◆ **Task item**:
Copy everything in the listing below word for word, apart from any images.

◆ **Source material**:
━━━━━━━━

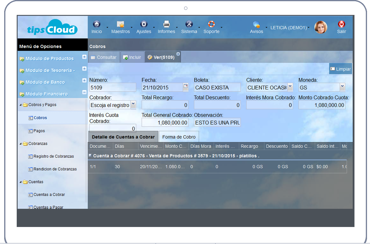 Es un sistema bastante práctico e innovador por que se accede directamente por Internet. Tenemos varias sucursales distribuidas y realizamos entre 500 a 600 cobranzas al mes las cuales facturamos con el Sistema.
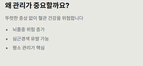 높은 혈압을 방치하면 뇌졸중, 심근경색 등 심각한 합병증을 유발할 수 있어 평소 관리가 매우 중요합니다.
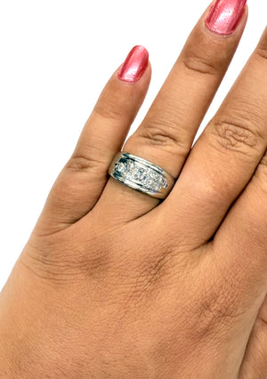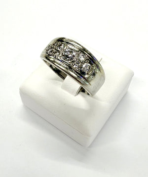 Bague Jonc en Or blanc 18k avec diamants et oxyde de zirconium

━━━━━━━━

◆ **Finished task**:
 Es un sistema bastante práctico e innovador por que se accede directamente por Internet. Tenemos varias sucursales distribuidas y realizamos entre 500 a 600 cobranzas al mes las cuales facturamos con el Sistema.
 높은 혈압을 방치하면 뇌졸중, 심근경색 등 심각한 합병증을 유발할 수 있어 평소 관리가 매우 중요합니다.
 Bague Jonc en Or blanc 18k avec diamants et oxyde de zirconium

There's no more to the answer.